Signalman Topping regains his senses, and springs into action. He knows his duty in an emergency like this, and immediately protects all of the lines leading to and from his signalbox and summons ambulances and the police. Thankfully the automatic circuit-breaker for the electrical system has worked as intended and there is no fire amongst the wooden coaches and wagons. He watches as passengers warily make their way out of the carriages, and the driver and fireman of the goods train run back to help them. He looks down on the wreckage below and knows this is going to take some time to sort out. “Just what was that driver doing?” he wonders to himself, almost in disbelief.

Within minutes Inspector Gill from the Northumberland Constabulary is running up the ramp onto the platform at Manors station from the street below with a number of his constables. He clambers down onto the tracks and makes his way towards the half-demolished first carriage of the passenger train. Carefully picking his way through shattered wood planks and broken glass, he reaches what is left of the driver’s cabin. With the help of his men, he begins to clear the wreckage in expectation of finding the driver’s body. He moves aside twisted metal and wood, grains of wheat falling down onto the tracks below from the destroyed wagon which had borne the brunt of the impact. But search as they might, they find no sign of Skinner’s body.

Dead man’s handle

Eventually the inspector reaches the control unit of the electric train. He finds the controller, which limits the power to the train and thus its speed. The handle is in the ‘Full Power’ position, with the reversing key in ‘Forward’. Skinner hadn’t even made any attempt to stop accelerating the train. The controller has an important safety feature, the ‘Dead Man’s Handle’. This is actually a button on the top of the controller which must be pressed down at all times by the driver or the power to the train is automatically cut-out. The dead man’s control on Skinner’s train could never do its job, however, because he’d seen to it himself that it would not work.

Inspector Gill finds the button on the controller cleverly tied down by two handkerchiefs, which together exert enough pressure on the button to ensure it is kept constantly pressed. A red handkerchief is looped around the controller handle and over the control button and knotted in place with a triple-knot. Over this the second hanky, a white one, is tied even tighter around the first adding to the pressure on the button. This is secured with a double knot. The arrangement of the hankies evidently saved Skinner from having to constantly press the dead man’s control, something which became wearisome after a while, and leave the controller with the train still under power.

Inspector Murray arrives at around 12:50am and examines the handkerchiefs. He finds no identifying marks on either, and removes them for safe keeping. For the next two hours a search of the wreckage continues. Thankfully there were only two passengers travelling in the first vehicle of the train, a young couple from Durham, who miraculously only suffered leg injuries and shock. The other 150 or so passengers in the remaining five coaches of the train walked away relatively unscathed. What the constables and inspectors are searching for is Skinner, and he is nowhere to be seen. Some firemen are asked to search the roofs of the houses in the street below in case his body had been catapulted from the train, but to no avail. Eventually Murray calls over Sergeant Sandels and tells him to start walking back up the line towards Heaton to see if he can see any sign of Skinner, or anything untoward.

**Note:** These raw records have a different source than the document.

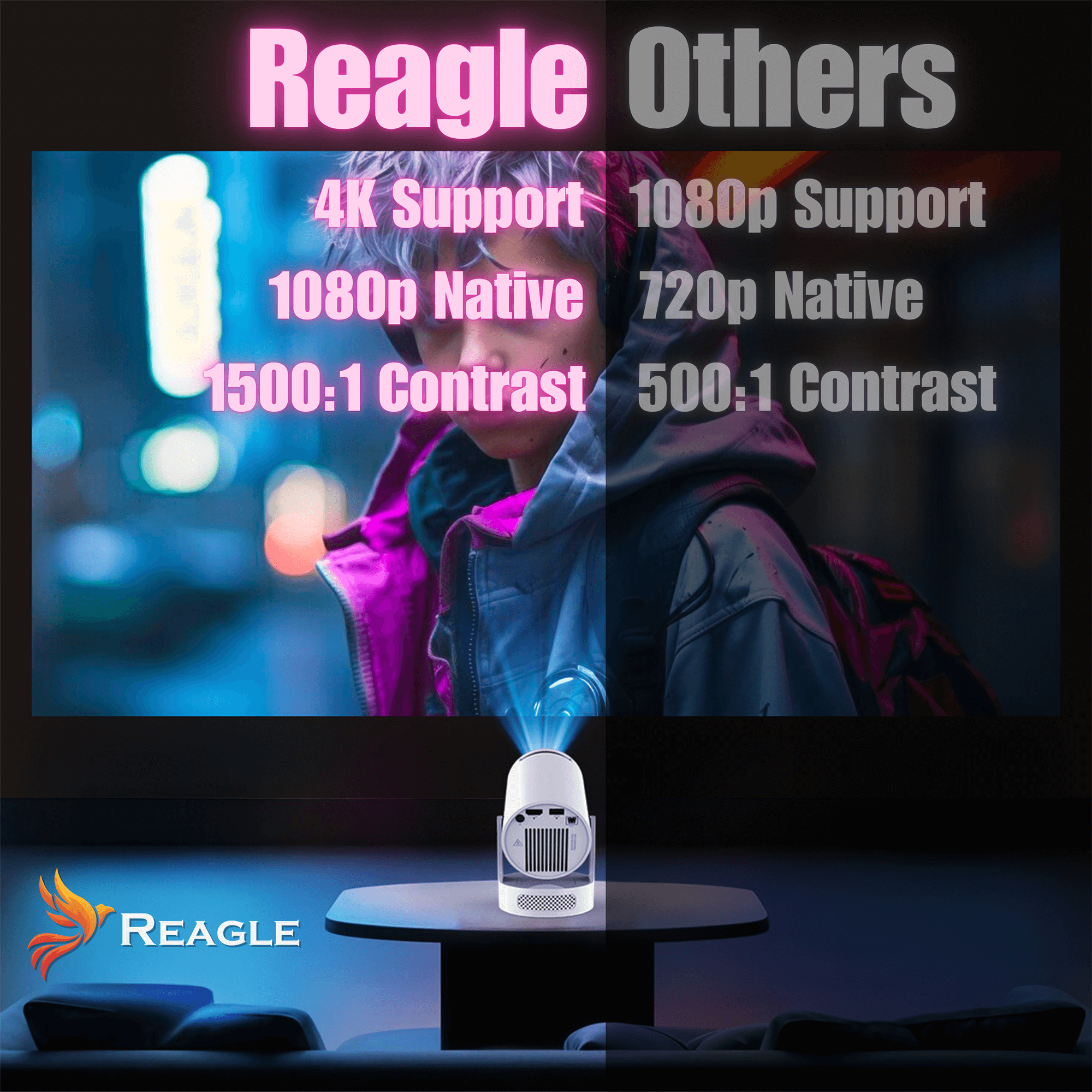 Im Gegensatz zu vielen konkurrierenden Projektoren mit veraltetem Android 11 und nur 1 GB RAM, bietet der R-MOVIELUM-P10 von Regle :
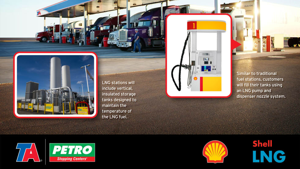Officials with the truckstop chain, Travel Centers of America, indicated this week when they plan to open their first liquefied natural gas filling stations in cooperation with Shell targeting commercial vehicles.
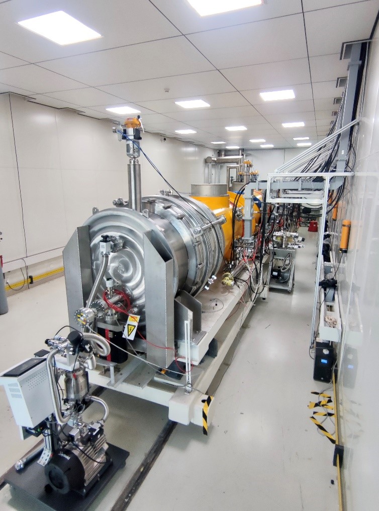高能所项目团队在潘卫民研究员的带领下,继2020年在国际上首次改进中温退火工艺并成功实现1.3 GHz 9-cell超导腔的中温退火工艺之后,为满足国家战略需求,坚持自主创新,瞄准国际最高水平全力攻坚,实现了比掺氮工艺更为先进的中温退火高品质因数超导腔模组技术路线,创造了超导加速器品质因数的世界纪录,满足了我国相关大科学工程的迫切需求。模组高功率水平测试显示:模组总腔压133 MV时,2 K总热负荷80 W,8只1.3 GHz 9-cell超导腔的平均加速梯度16.1 MV/m、平均品质因数3.8×1010。模组总腔压174 MV时,2 K总热负荷122 W,平均加速梯度21 MV/m,平均品质因数3.75×1010。模组稳定运行总腔压大于191 MV,平均加速梯度达到23 MV/m以上。
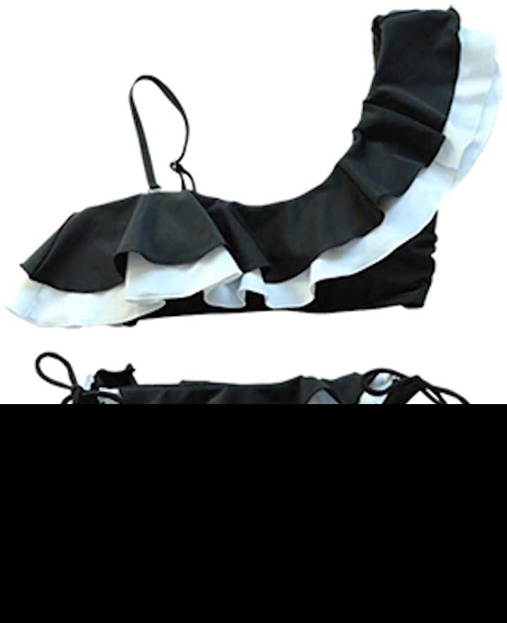 大きめのフリルを全体にあしらい、サイドには紐の凝ったディテール。
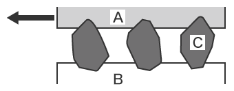 - 연마 마모에는 「이원 마모」와 「삼원 마모」가 있습니다. 이원 마모는 부드러운 쪽의 부재에 딱딱한 쪽의 부재가 박혀 발생하는 마모입니다. 또한 삼원 마모는 경질의 마모분(경질 입자) 등에 의해 금형 표면이 기계적으로 깎이는 현상으로 「긁힘 마모」라고도 불립니다.
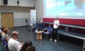 Spotkanie zostało przeprowadzone przez pracownika Oddziału Śląskiego Teresę Saczuk, która zaprezentowała zagadnienia związane ze sprawozdawczością, ogłaszanymi terminami przyjmowania wniosków, wydatkowaniem środków w ramach I transzy, sprawami związanymi z badaniem zgodności oceny formalnej i merytorycznej wniosków pracownika realizatora oraz w zakresie specyfikacji cenowych na badania wstępne i drugie wizyty do eksperta PFRON.

So Sandels sets off walking, back past the silent and dark carriages of the now-empty 9:47pm Newcastle to Newcastle (via Monkseaton), down the ramp at the end of Manors station platform, and into the cutting towards Argyle Street signal box. The crunch of the ballast is loud beneath his feet as he walks up through the damp cutting, scanning the darkness below with his eyes for the sight of anything strange. He passes the entrance to the Quayside railway, its foreboding tunnel disappearing to his right and down to the river where ships unload their wares into waiting railway wagons. He passes under the short tunnel where New Bridge Street passes overhead, and then under Ingham Place and Stoddart Street. The lights of the signals are all on red as far as he can see along the straight line ahead, their beams glinting off the shiny railtops of the many sidings and running lines. Out across the Ouseburn Viaduct he strides, with the smells of industry and animals drifting up from below, the sky lightening to the east ahead of him. He hears a ship’s hooter echo mournfully from the River Tyne to his right as he presses on past Riverside Junction signal box and the little station at Byker.

Eventually, after walking over a mile, he comes to the bridge carrying Heaton Park Road over the railway. There he sees something on the tracks; a dark shape lying beside the electrified rail on the left-hand side of the lines as he faces east. Sandels runs towards this object and bends down to look more closely; it is Skinner, lying on his back with his feet facing away towards Heaton station, his right arm outstretched below the conductor rail and his eyes staring lifelessly up. Sandels checks for a pulse, not expecting to find one. He doesn’t. Skinner is dead and already quite cold.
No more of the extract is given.